Step 1 :The function given is \(f(x) = 6x^{2}\).
Step 2 :The derivative of \(f(x)\) is \(f'(x) = 12x\).
Step 3 :At \(x = a = 1\), \(f'(1) = 12\).
Step 4 :The linearization \(L(x)\) of \(f\) at \(a = 1\) is given by \(L(x) = f(a) + f'(a)(x - a)\).

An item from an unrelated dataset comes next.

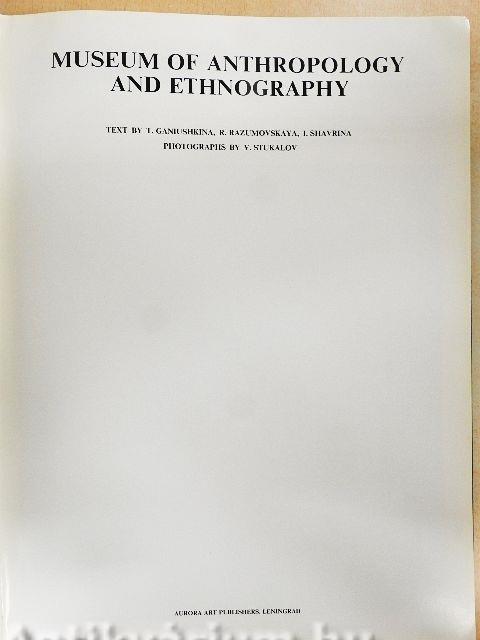 A Szovjet Tudományos Akadémia Antropológiai és néprajzi múzeuma a világ vezető néprajzi múzeumai közé tartozik. Ez az album a múzeum hatalmas gyűjteményeinek legérdekesebb és legértékesebb darabjait mutatja be szóban és képekben. A tárgyak a világ népeink különböző kultúráit mutatják be (japán, Dél-Ázsia, Új-Zéland, Óceánia, Szudán, Észak- Amerika, stb.)

Step 5 :Substituting the values we get, \(L(x) = 6(1)^{2} + 12(x - 1)\).
Step 6 :Simplifying, we get \(L(x) = 6 + 12(x - 1)\).
Step 7 :So, the linearization \(L(x)\) of \(f\) at \(a = 1\) is \(L(x) = 6 + 12(x - 1)\).
Step 8 :Now, we use the linearization to approximate \(6(1.1)^{2}\).
Step 9 :Substitute \(x = 1.1\) into \(L(x)\), we get \(L(1.1) = 6 + 12(1.1 - 1)\).
Step 10 :Simplifying, we get \(L(1.1) = 6 + 1.2 = 7.2\).
Step 11 :So, the approximation of \(6(1.1)^{2}\) using the linearization is \(7.2\).
Step 12 :Now, we find the actual value of \(6(1.1)^{2}\) using a calculator.
Step 13 :The actual value of \(6(1.1)^{2}\) is \(7.26\).
Step 14 :Finally, we find the difference between the approximation and the actual value of \(6(1.1)^{2}\).
Step 15 :The difference is \(7.26 - 7.2 = 0.06\).
Step 16 :So, the difference between the approximation and the actual value of \(6(1.1)^{2}\) is \(0.06\).